● Task statement
An exact copy of the listing is required, with its pictures removed.

● Collected material
# # # # #
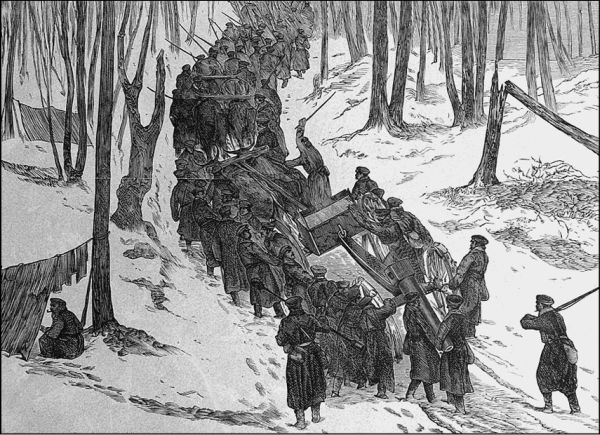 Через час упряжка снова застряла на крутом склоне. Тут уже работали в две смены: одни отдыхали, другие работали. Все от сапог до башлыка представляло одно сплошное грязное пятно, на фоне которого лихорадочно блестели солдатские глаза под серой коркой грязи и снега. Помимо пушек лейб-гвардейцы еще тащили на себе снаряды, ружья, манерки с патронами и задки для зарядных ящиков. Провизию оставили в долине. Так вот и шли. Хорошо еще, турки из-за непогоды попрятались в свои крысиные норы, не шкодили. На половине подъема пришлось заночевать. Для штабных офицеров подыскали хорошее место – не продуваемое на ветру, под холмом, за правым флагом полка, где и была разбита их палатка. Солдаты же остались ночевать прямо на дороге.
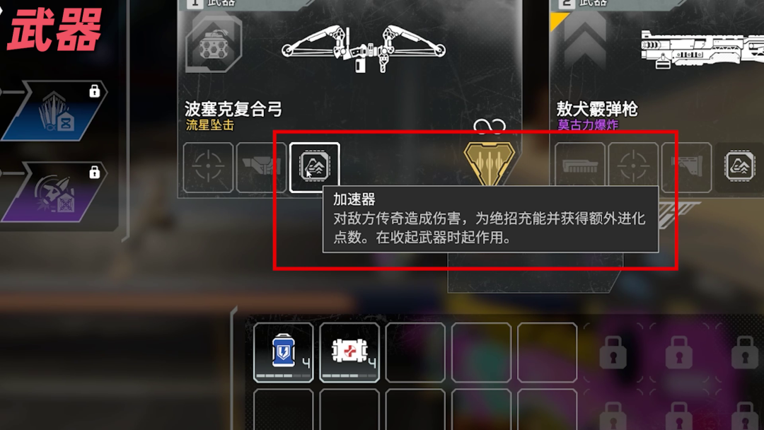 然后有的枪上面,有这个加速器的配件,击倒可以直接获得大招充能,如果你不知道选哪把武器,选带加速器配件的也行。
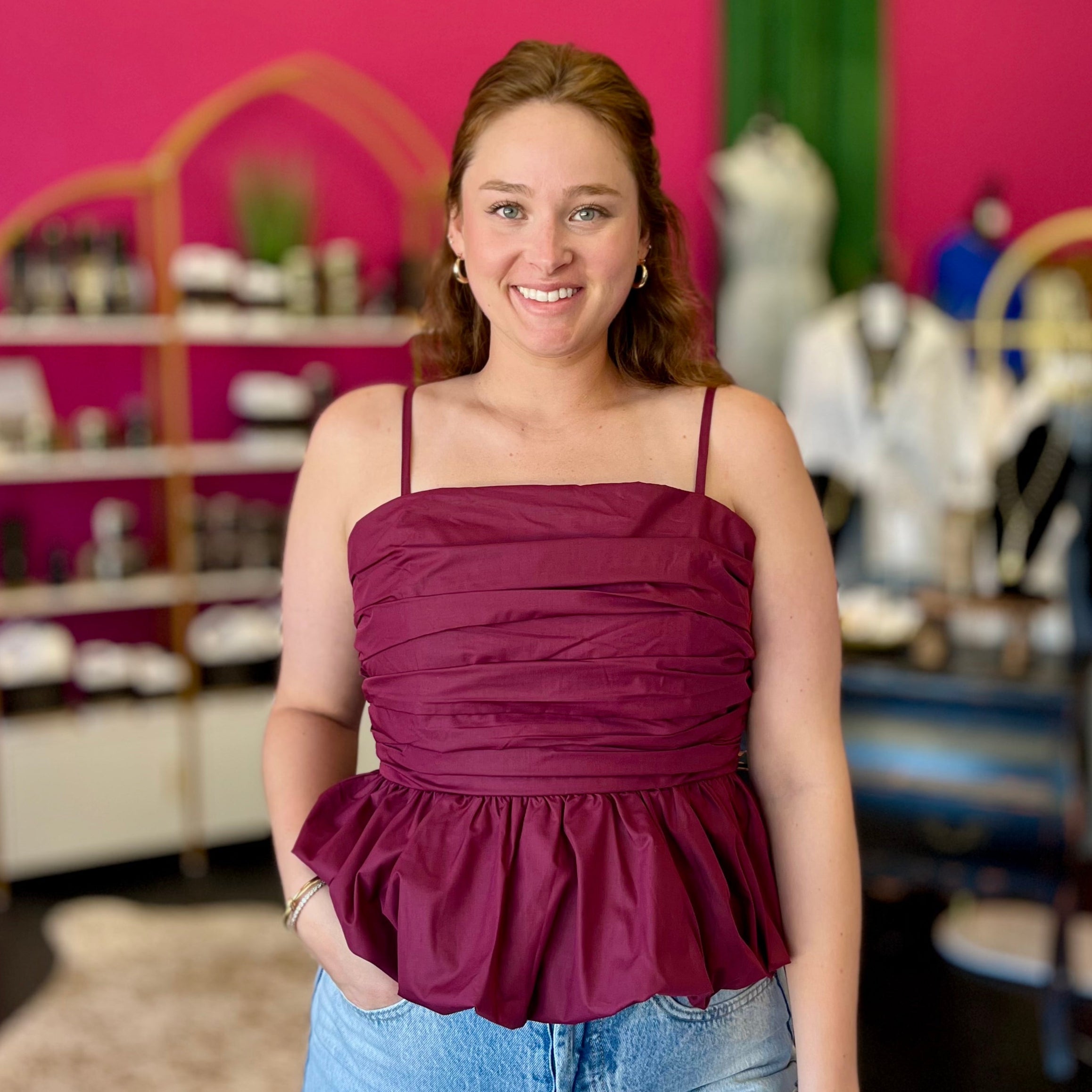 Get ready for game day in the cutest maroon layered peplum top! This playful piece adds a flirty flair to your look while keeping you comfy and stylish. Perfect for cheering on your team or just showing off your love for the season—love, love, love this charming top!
# # # # #
● Task response
 Через час упряжка снова застряла на крутом склоне. Тут уже работали в две смены: одни отдыхали, другие работали. Все от сапог до башлыка представляло одно сплошное грязное пятно, на фоне которого лихорадочно блестели солдатские глаза под серой коркой грязи и снега. Помимо пушек лейб-гвардейцы еще тащили на себе снаряды, ружья, манерки с патронами и задки для зарядных ящиков. Провизию оставили в долине. Так вот и шли. Хорошо еще, турки из-за непогоды попрятались в свои крысиные норы, не шкодили. На половине подъема пришлось заночевать. Для штабных офицеров подыскали хорошее место – не продуваемое на ветру, под холмом, за правым флагом полка, где и была разбита их палатка. Солдаты же остались ночевать прямо на дороге.
 然后有的枪上面,有这个加速器的配件,击倒可以直接获得大招充能,如果你不知道选哪把武器,选带加速器配件的也行。
 Get ready for game day in the cutest maroon layered peplum top! This playful piece adds a flirty flair to your look while keeping you comfy and stylish. Perfect for cheering on your team or just showing off your love for the season—love, love, love this charming top!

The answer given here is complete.